Die erlernte Distanz ablegen

"Inge liebte diese Gegend, die sie bewegend fand und in ihre Arme nahm", erinnert sich Arthur Miller im Vorwort des Buches. Strasseggers Film zeigt in starken Bildern die Ambivalenz dieser Umarmung: das Angebot von Geborgenheit und die Herausforderung, die erlernte Distanz abzulegen. In schnellem Wechsel sehen wir eine springlebendige Frau, der ihr Alter nicht anzusehen ist, und eine schweigende, die ganz ins Schauen vertieft der Welt gegenübersteht. Unverkennbar ist zugleich, dass hier im Schicksal einer prominenten Person zusammengefasst ist, was das abgelaufene Jahrhundert brachte: Hass und Heimatlosigkeit ebenso wie die Sehnsucht nach Heimkehr und Frieden.

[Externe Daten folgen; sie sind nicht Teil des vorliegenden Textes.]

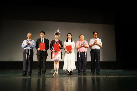 中國(guó)作協(xié)副主席、書(shū)記處書(shū)記吉狄馬加等為《侗族大歌》出品方頒發(fā)工程入選影片證書(shū) 陳澤宇 攝
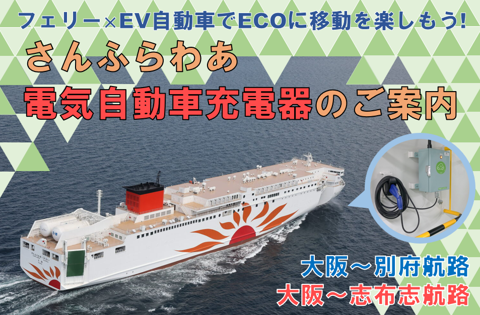 大阪~別府航路・大阪~志布志航路での電気自動車充電器のご案内(完全予約制)
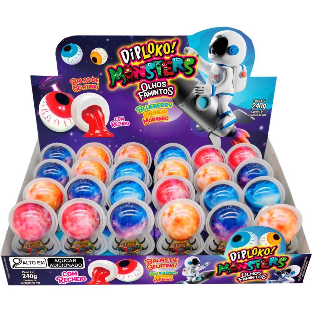 Balas de gelatina recheadas sabores: morango, laranja e blueberry.
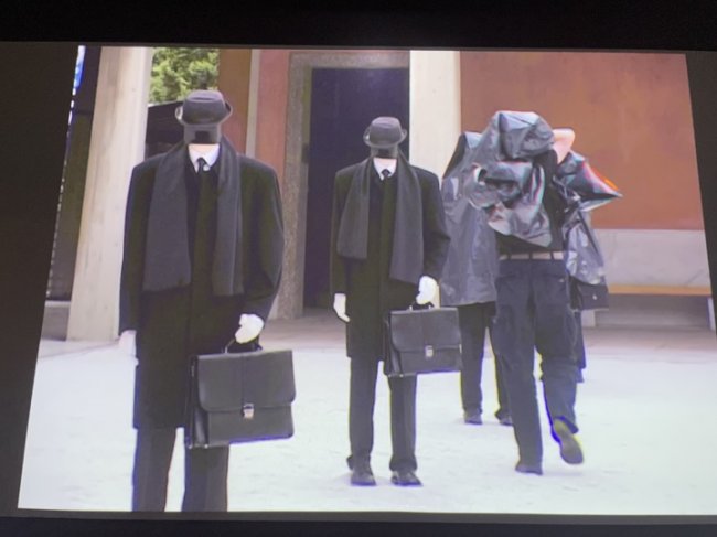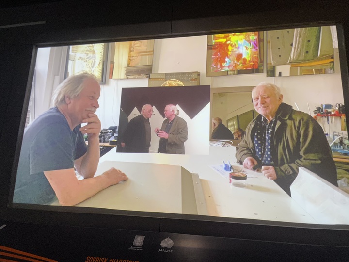 Помимо витрин с картинами мэтров на выставке есть три больших экрана, где показываются видеоарт или документация знаковых арт-событий, в которых не последнюю роль сыграл Пацюков. Среди них — проект Вадима Захарова «Черные птицы», который представлял Россию на 55-й Венецианской биеннале в 2013 году. Есть одна ранняя видеоработа Леонида Тишкова «Снежный ангел» — 1998 года. Или проект 2011 года композитора Владимира Мартынова и художника Владимира Смоляра: первый написал фантазию по мотивам Баха, второй создал визуализацию мелодии, которая будто бы приснилась немецкому классику. Все видео, очень разные по темам, сюжетам и форме, сложены в единый ритм — это еще одно посвящение их вдохновителю, раскрывающее идею проекта.
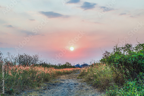 Dirt road between bushes and flowering grass with a sunset background
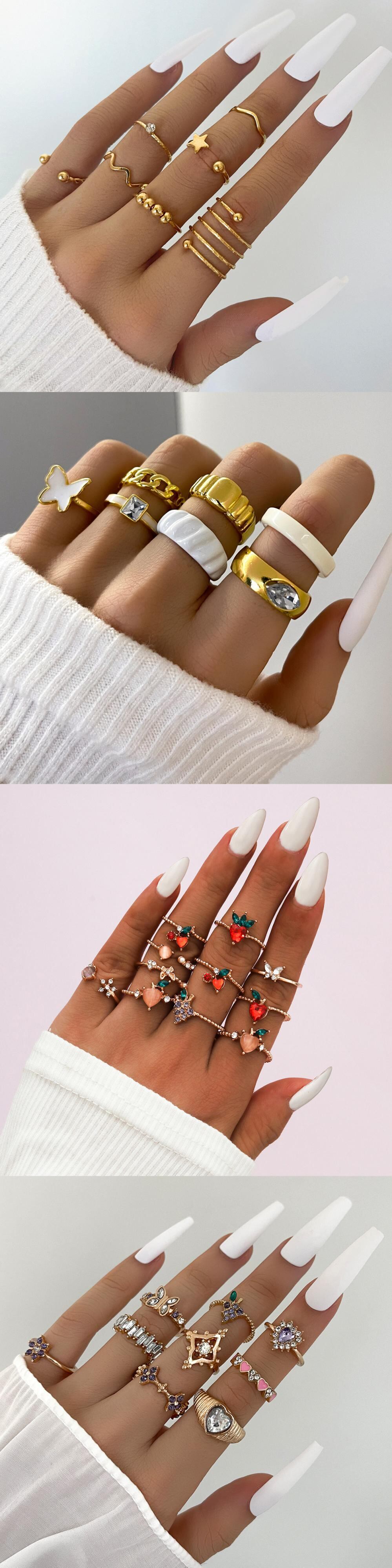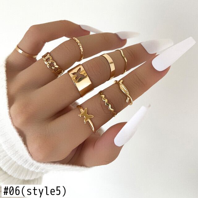 送料無料 5個/セットパンクゴールドチェーンワイドフィンガーリングミニマリストバタフライジオメトリックメタルリングレディースガールズパーティージュエリービジュー 指輪 アクセサリー AE1777787752905512
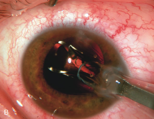 The atonic pupil that follows a severe angle-closure attack is fixed and dilated. This pupil alteration may cause the surgeon to choose an IOL with a larger optic to prevent glare and monocular diplopia associated with the larger pupil. Patients should be instructed that visual aberrations associated with abnormal pupils from glaucomatous disease might alter visual performance post cataract surgery. Eyes with short axial lengths typically have a very shallow anterior chamber. This makes it even more difficult for the surgeon to work, especially when introducing any instrument into the eye. In addition, eyes with unusual axial lengths require more sophisticated IOL calculation formulas; otherwise, undesirable postoperative hyperopia occurs.
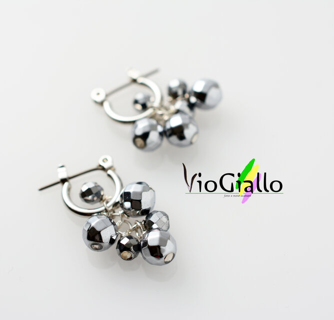 ヘマタイト(ラウンドカット)の粒々ピアス
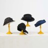 Ensemble de quatre chapeaux en paille, dont deux noirs, un bleu et un marron et beige.

Strasseggers Buch zu lesen und ihren Film auf sich wirken zu lassen, setzt den Beschauer einem kalkulierten Wechselbad der Gefühle aus. Die Ausstellung bildet dazu einen Kontrast. Kurt Kaindl, der im Salzburger Otto-Müller-Verlag mehrere Morath-Bildbände herausgegeben hat, und Brigitte Blüml kuratieren die Fotoschau bewusst unterkühlt. Die Bilder wirken von selbst und sind unkommentiert, nur mit der Angabe von Ort und Jahr versehen. Es ist schon genug, dass das Grazer Künstlerhaus mit seiner runden Apsis Assoziationen an einen Sakralraum weckt. Hier erzählen die Bilder keine Reisegeschichte, sondern sind geografisch um visuelle Schwerpunkte geordnet. Nur einzelne Stelen, Grenzpfählen nachempfunden, geben Buchtexte wieder und zeigen Morath bei der Arbeit. Ansonsten geht es in der Ausstellung durchwegs um Arbeiten von Inge Morath, nicht über sie.

Der Schatten des Ballons

Die Ausstellung wird in diesem Jahr durch Europa und in die USA wandern, wie es dem Werk einer Weltbürgerin geziemt. Das Buch, das deutsch-englisch im Handel ist, erscheint zusätzlich in einer deutsch-slowenischen Ausgabe, die an Schulen und Bibliotheken beiderseits der österreichischslowenischen Grenze verteilt wird. Die bittere Grenze ist de facto schon gefallen, in einem Jahr ist Slowenien bei der EU, und auch das Schengen-Abkommen wird nicht lange auf sich warten lassen. Wo noch vor eineinhalb Jahrzehnten auf Flüchtlinge geschossen wurde, durchquert man schon heute unbehelligt die Weingärten mit ihrem mediterranem Flair. Im Mai wäre Inge Morath 80 geworden. Sie hat es nicht erwartet, im Mittelpunkt ihres großen Projekts zu stehen, gerade vor einem Jahr ist sie in New York gestorben. "Wenn es zappenduster geworden ist, dann hör ich auf und geh ich", sagte sie. Im Ballon überwindet sie die letzte Grenze, während sein Schatten über die Landschaft streicht und die Grenzen der Geschichte wegwischt.

INGE MORATH - GRENZ.RÄUME

Von Regina Strassegger. Mit einem Vorwort von Arthur Miller und Fotografien von Inge Morath, Stojan Kerbler, Branko Lenart. Deutsch und Englisch

Prestel-Verlag München u. a. 2002

323 Seiten mit 321 Duoton-Abbildungen, Geb. e 49,95

Der Film "GRENZ.RÄUME. Inge Morath - letzte Reise" ist am Sonntag, 2. Februar um 21.15 Uhr in 3sat und um 23.15 Uhr in ORF 2 zu sehen.

Die Ausstellung GRENZ.RÄUME läuft im Grazer Künstlerhaus von 31. Jänner bis 2. März 2003.